MAY it be Thy will, O God, that we return to Thee in perfect penitence, so that we may not be ashamed to meet our fathers in the life to come.
Unite our hearts, O God, to fear Thy name; keep us far from what Thou hatest; bring us near to what Thou lovest; and deal mercifully with us for Thy name’s sake.
May it be Thy will, O God, that love and peace and brotherliness dwell among us! May our hopes of Heaven be fulfilled! Grant that the good inclination may uphold us. Fill us with the desire to fear Thy name, and do Thou give us our soul’s peace. Amen.
TALMUD.
BROTHERHOOD
AT the beginning of the Atonement service the most venerable men in the congregation solemnly repeat from the Almemor[74]: ‘With the permission of the Court on High, and with the permission of the Congregation below, we declare it permitted to pray with hardened transgressors’. Why this custom? In some communities of the Middle Ages there were persons who, by their conduct, had placed themselves outside the pale of Judaism; cowardly apostates, for example, who sold their souls; informers, who spread broadcast false accusations against their brethren; insubordinates, outcasts, criminals.
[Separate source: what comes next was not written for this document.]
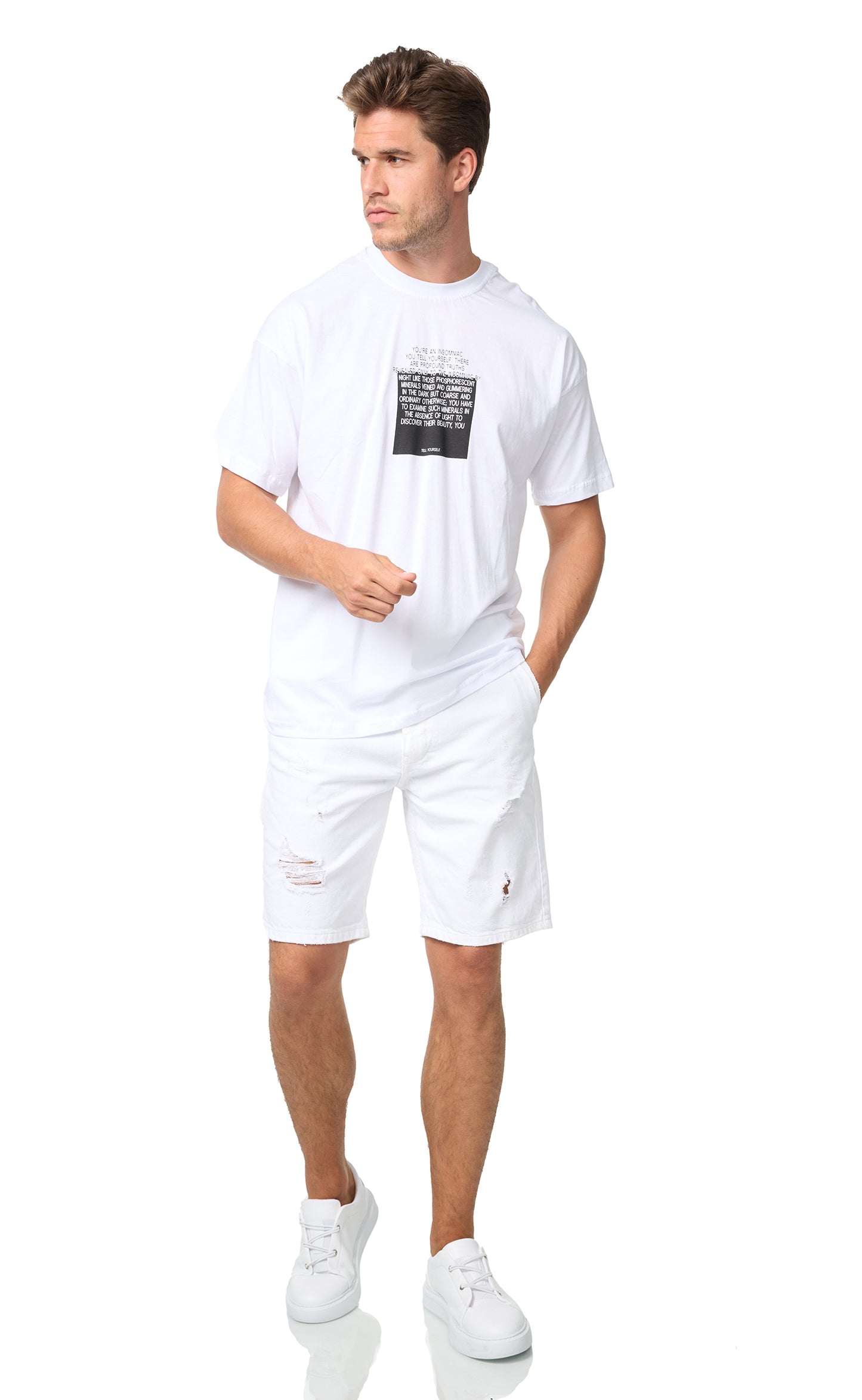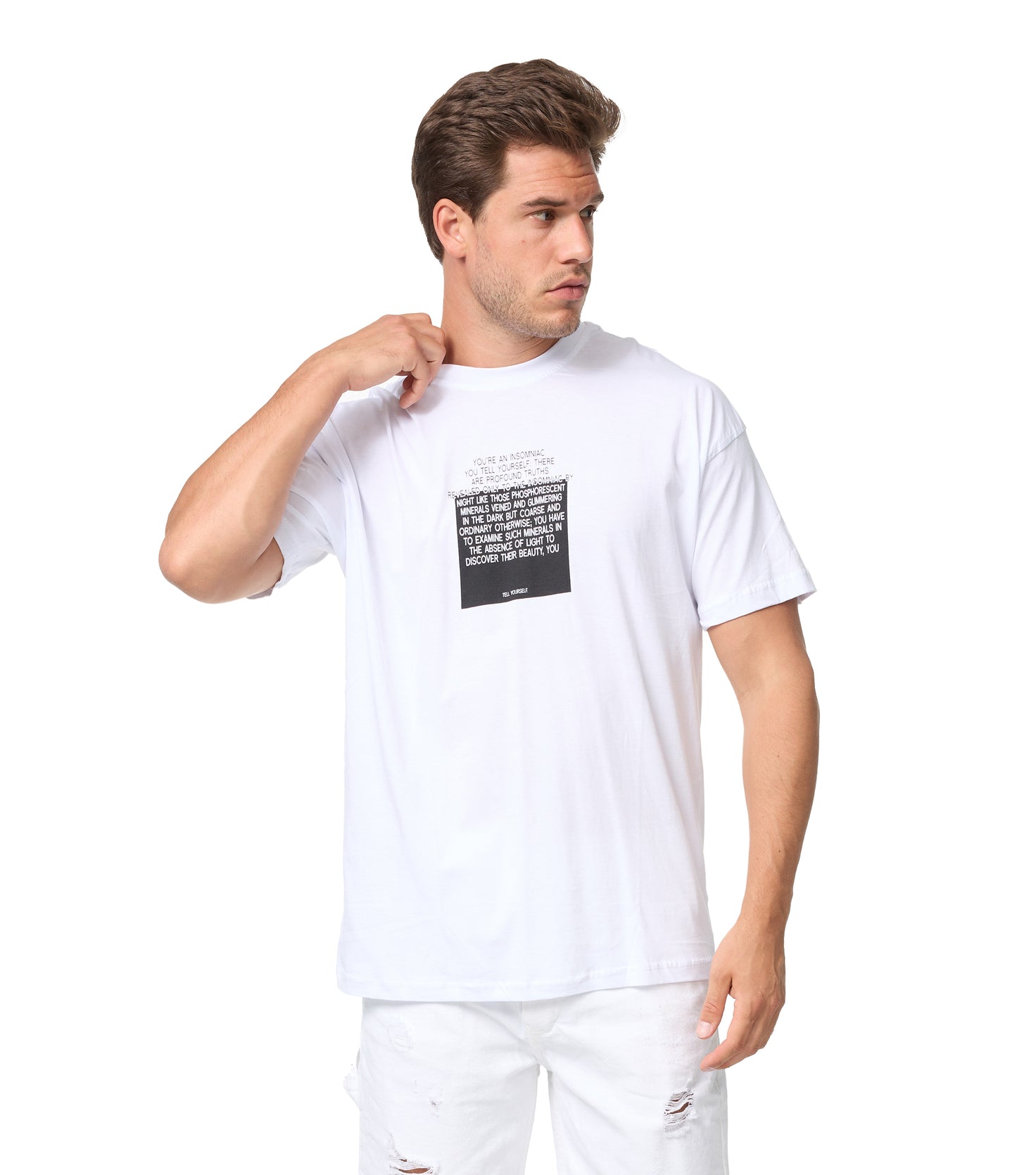 Men's T-shirt, oversize fit, "Mentalist" print, model Y118, white

Throughout the year these never sought spiritual fellowship with their brethren. On Yom Kippur, however, they would steal into some corner of the synagogue and join the worshippers in prayer. The Rabbis thereupon instituted this solemn declaration, in order to proclaim in most unmistakable terms that, no matter what is a man’s mode of life—slanderer, apostate, outcast—he is still a brother. ‘We have transgressed, we have dealt treacherously, we have robbed,’ do we pray. We associate ourselves with the most forlorn souls that sin in darkness, because we recognize that society—we ourselves—are largely responsible for their actions. Many a time has our evil example misled others, and become a stumbling-block in the way of the blind. And all our Yom Kippur vows to rise to a higher life are useless, unless we endeavour to raise others who have fallen. A traveller wascrossing mountain heights of untrodden snow alone. He struggled bravely against the sense of sleep which weighed down his eyelids, but it was fast stealing over him, and he knew that if he fell asleep death would inevitably follow. At this crisis his foot struck against a heap lying across his path. Stooping down, he found it to be a human body half buried in the snow. The next moment he held him in his arms, and was rubbing and chafing the frozen man’s limbs. The effort to restore another unto life brought back to himself warmth and energy, and was the means of saving both. The same law obtains in the realm of the soul. In order that our spiritual vitality may quicken into new life, we must help others in highest matters of faith and hope.